(Beginning of Supplied data)

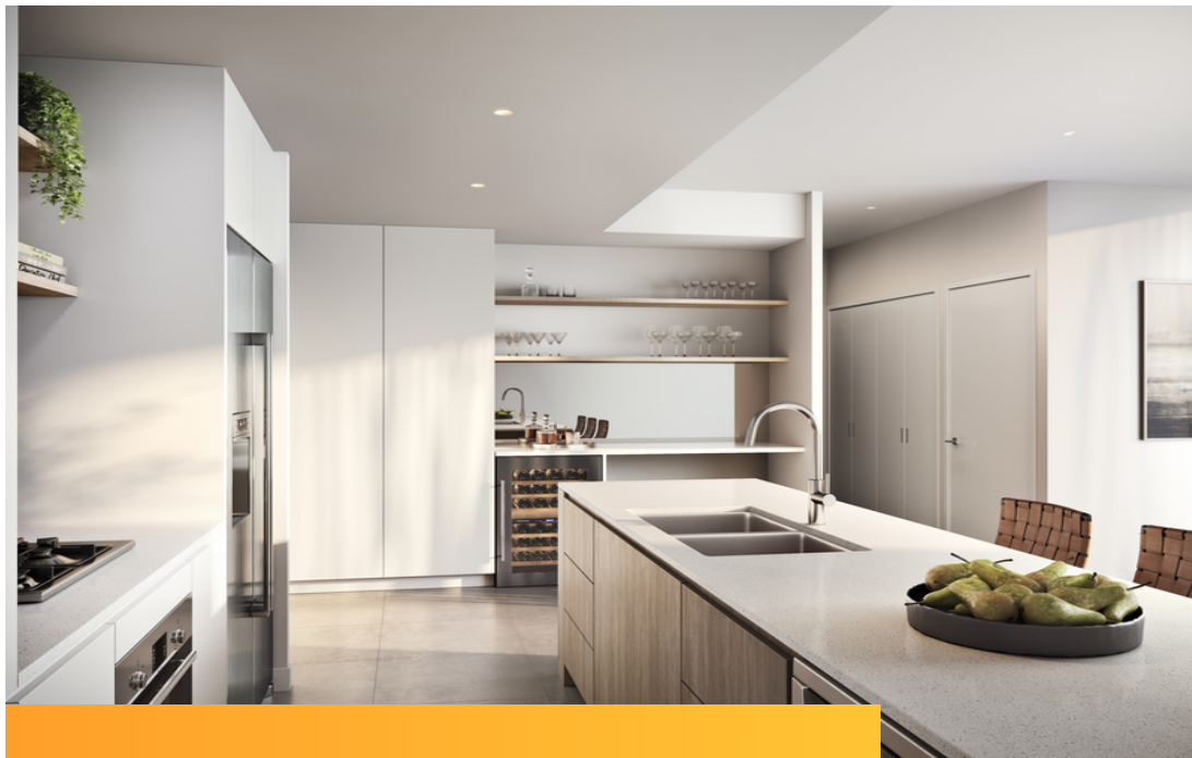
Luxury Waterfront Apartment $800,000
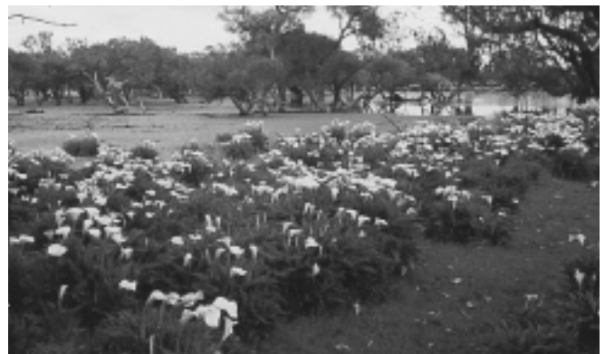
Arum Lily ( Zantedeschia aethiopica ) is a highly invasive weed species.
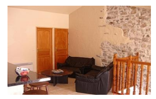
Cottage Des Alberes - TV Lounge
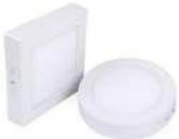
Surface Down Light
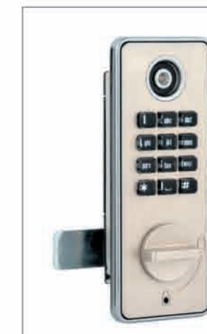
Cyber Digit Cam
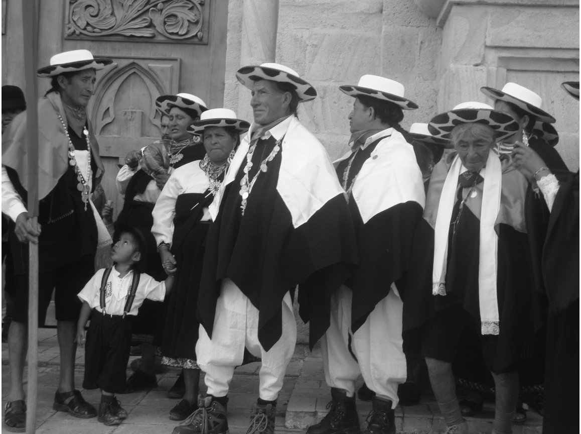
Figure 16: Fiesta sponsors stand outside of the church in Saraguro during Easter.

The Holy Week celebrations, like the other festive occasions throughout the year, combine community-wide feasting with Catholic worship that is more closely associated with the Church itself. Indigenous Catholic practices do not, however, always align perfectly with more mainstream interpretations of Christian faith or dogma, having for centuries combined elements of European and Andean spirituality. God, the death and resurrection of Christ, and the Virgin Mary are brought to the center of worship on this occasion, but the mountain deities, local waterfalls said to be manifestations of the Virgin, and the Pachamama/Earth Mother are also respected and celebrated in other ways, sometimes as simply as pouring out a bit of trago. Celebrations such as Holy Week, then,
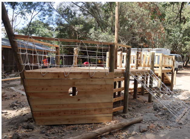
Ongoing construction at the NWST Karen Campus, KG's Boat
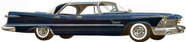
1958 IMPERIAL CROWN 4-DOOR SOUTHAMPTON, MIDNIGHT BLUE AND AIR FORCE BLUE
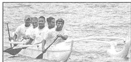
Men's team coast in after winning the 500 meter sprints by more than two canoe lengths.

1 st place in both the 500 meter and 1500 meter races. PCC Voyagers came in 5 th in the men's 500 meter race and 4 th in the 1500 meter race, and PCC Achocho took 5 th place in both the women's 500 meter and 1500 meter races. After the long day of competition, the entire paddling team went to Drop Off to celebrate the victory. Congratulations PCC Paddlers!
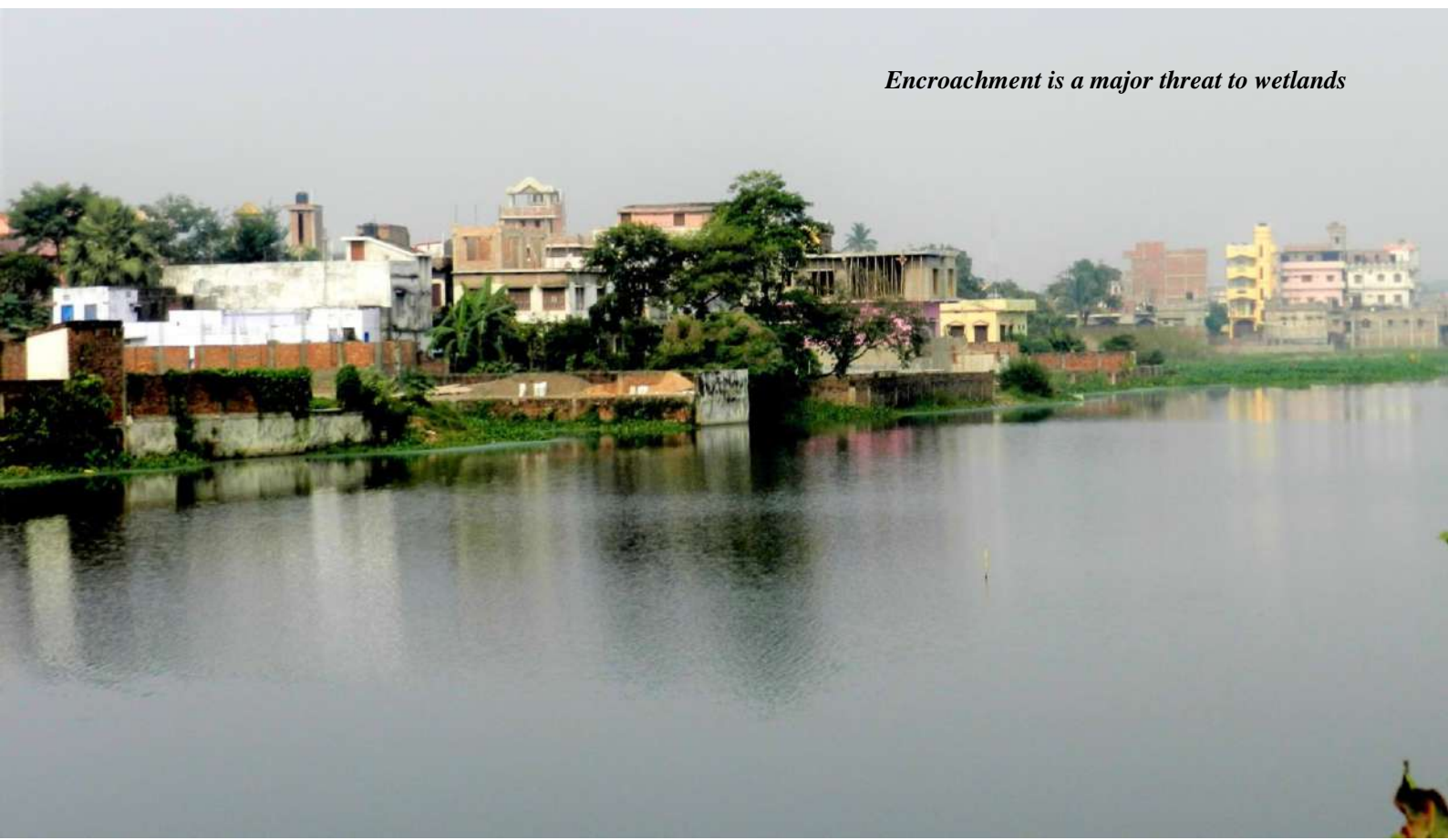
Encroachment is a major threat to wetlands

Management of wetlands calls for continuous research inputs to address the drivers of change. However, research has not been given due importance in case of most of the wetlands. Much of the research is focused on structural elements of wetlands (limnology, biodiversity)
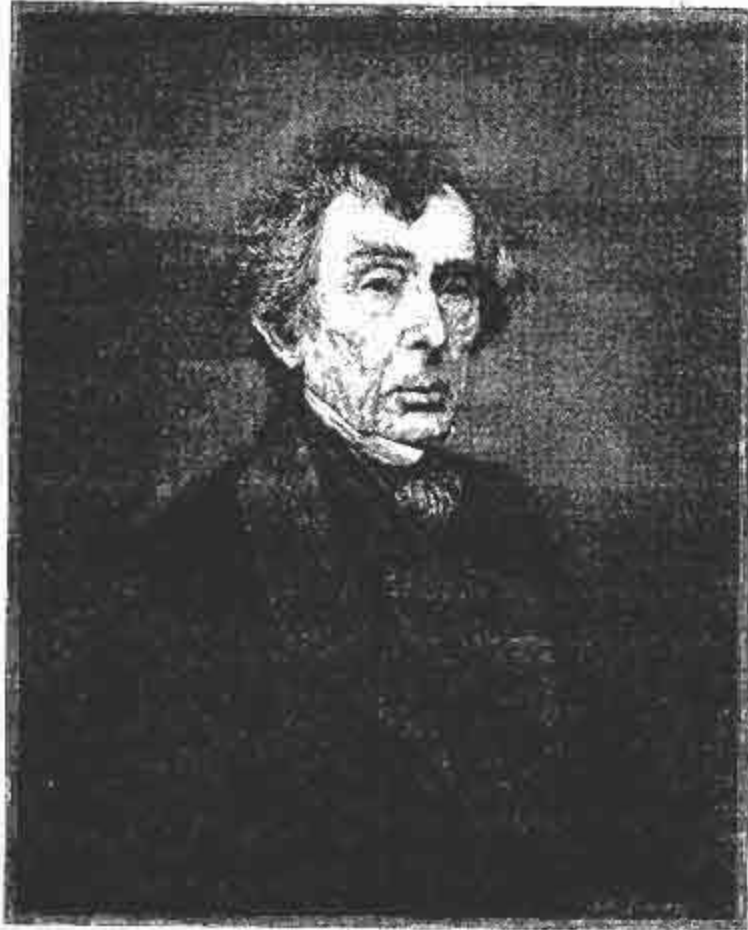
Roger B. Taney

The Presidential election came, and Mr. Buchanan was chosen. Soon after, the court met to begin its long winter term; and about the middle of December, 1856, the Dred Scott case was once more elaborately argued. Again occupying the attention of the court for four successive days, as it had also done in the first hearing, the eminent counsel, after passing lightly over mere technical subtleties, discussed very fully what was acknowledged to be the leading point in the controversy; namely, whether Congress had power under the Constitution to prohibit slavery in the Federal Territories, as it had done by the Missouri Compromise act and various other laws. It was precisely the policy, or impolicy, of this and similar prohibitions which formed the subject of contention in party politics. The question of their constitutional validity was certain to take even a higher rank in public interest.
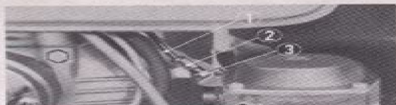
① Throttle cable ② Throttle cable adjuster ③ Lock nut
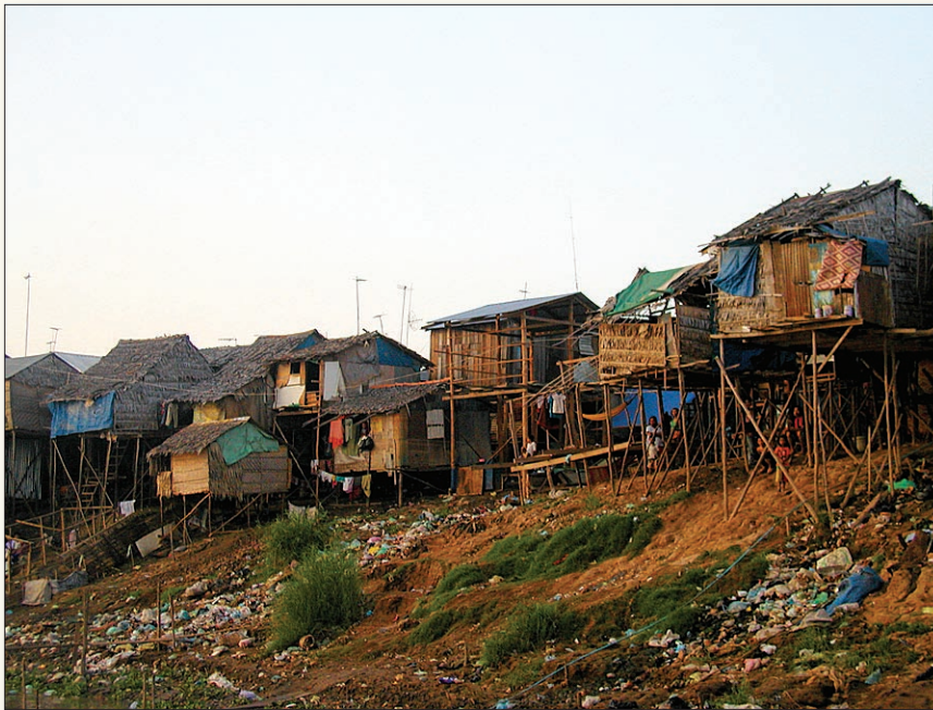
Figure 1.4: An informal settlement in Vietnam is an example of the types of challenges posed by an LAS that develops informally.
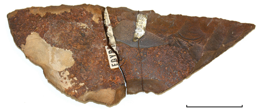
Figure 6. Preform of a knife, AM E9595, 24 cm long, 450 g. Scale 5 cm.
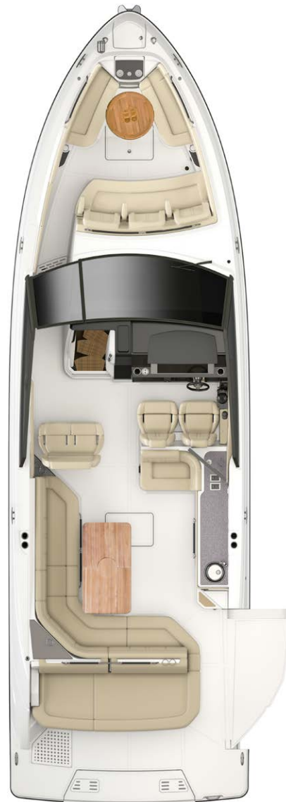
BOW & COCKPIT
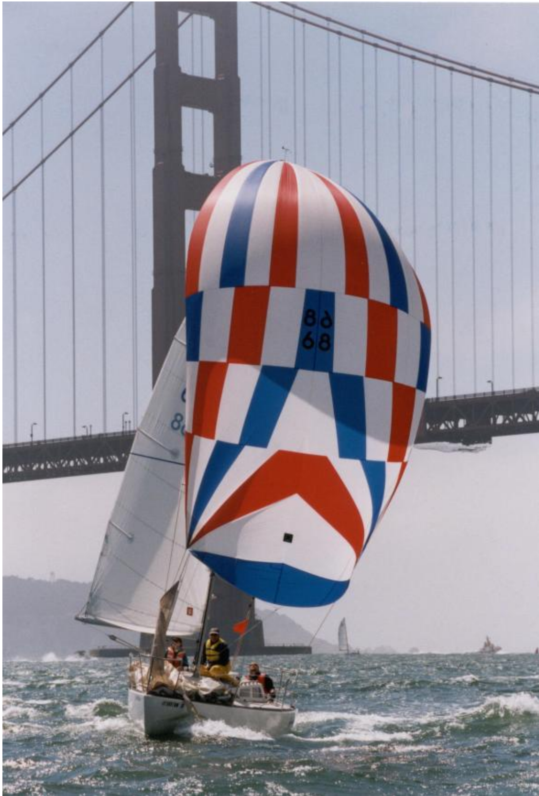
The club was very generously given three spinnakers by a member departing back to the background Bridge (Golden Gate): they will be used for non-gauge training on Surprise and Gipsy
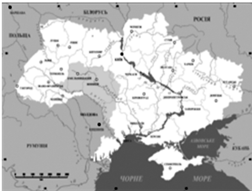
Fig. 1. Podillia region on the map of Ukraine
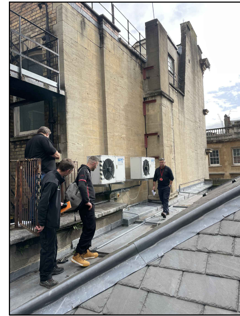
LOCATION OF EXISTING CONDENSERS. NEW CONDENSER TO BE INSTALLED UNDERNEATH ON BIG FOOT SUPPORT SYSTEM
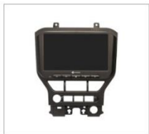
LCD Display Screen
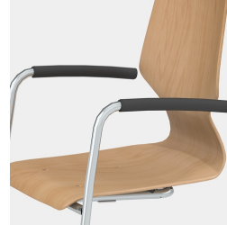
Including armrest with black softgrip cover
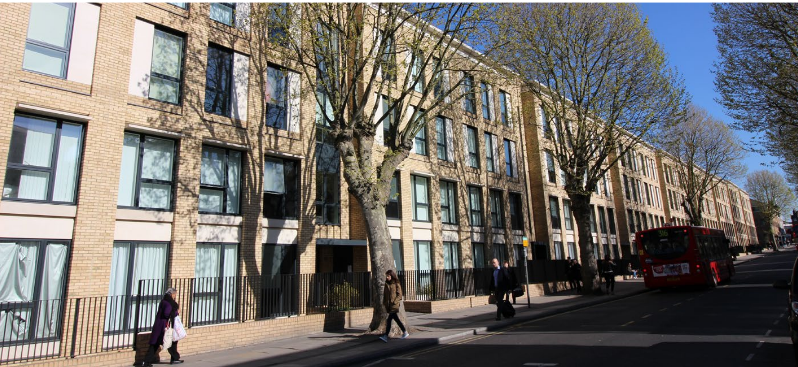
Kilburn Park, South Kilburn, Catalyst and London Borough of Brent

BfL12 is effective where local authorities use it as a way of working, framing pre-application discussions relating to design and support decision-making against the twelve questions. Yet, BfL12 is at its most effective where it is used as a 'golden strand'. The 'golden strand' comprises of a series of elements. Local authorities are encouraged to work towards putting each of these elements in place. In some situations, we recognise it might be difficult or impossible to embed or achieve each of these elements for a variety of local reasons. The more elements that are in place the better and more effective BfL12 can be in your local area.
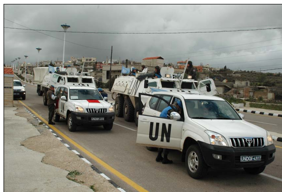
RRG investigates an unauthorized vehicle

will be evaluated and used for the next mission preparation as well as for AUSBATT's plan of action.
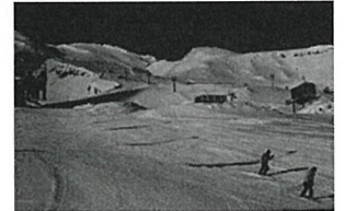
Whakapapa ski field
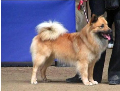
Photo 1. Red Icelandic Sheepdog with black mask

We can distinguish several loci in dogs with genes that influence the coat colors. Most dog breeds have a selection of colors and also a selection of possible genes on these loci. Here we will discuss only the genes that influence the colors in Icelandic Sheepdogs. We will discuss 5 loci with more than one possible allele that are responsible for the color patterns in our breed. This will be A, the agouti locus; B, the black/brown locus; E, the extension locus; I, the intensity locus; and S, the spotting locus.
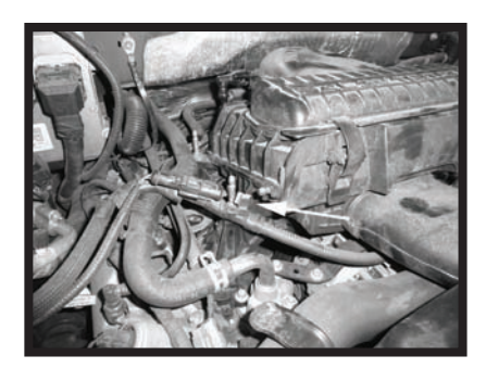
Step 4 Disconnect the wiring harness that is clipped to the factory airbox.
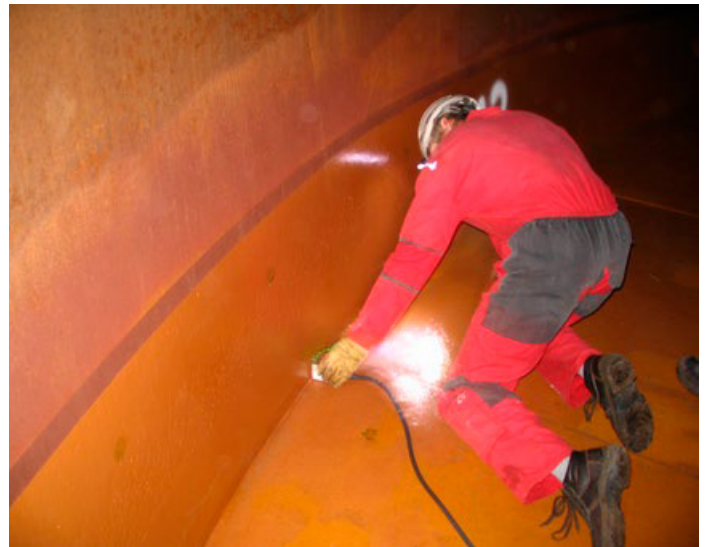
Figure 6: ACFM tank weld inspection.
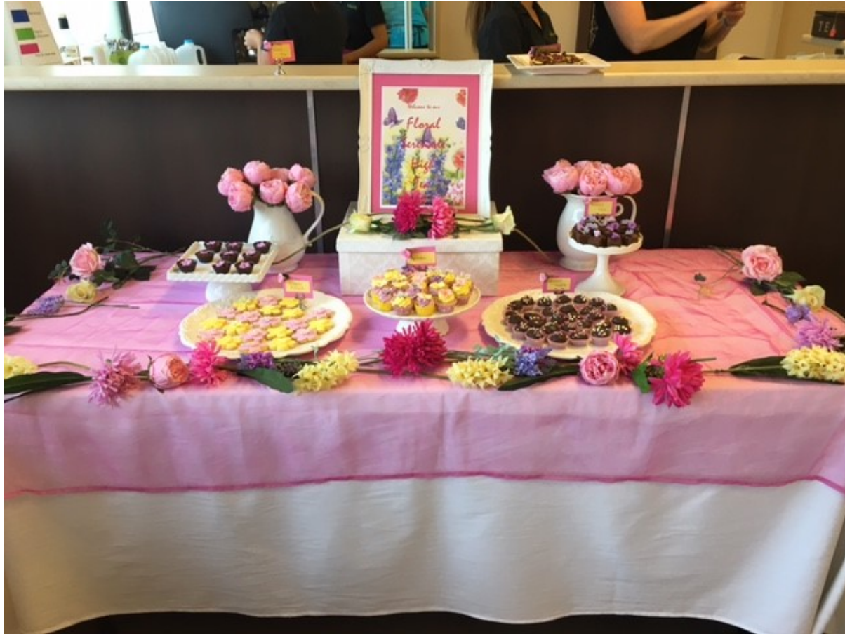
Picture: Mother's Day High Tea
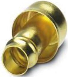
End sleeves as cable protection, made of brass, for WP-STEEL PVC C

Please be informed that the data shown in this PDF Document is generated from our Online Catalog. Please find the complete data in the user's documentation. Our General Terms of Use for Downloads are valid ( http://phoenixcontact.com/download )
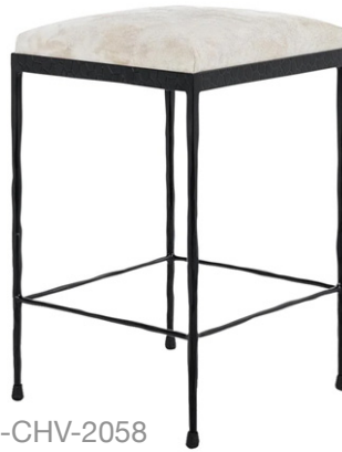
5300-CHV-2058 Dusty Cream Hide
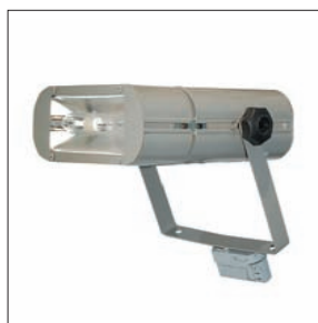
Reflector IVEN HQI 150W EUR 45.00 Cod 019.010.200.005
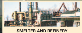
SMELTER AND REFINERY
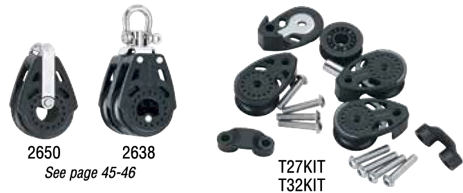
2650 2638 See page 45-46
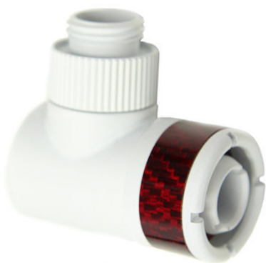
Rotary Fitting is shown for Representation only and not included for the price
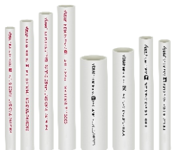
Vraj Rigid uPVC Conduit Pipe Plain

(End of Supplied data)

This task asks for the number of lines above that include the string "cable". Respond with that number only.

2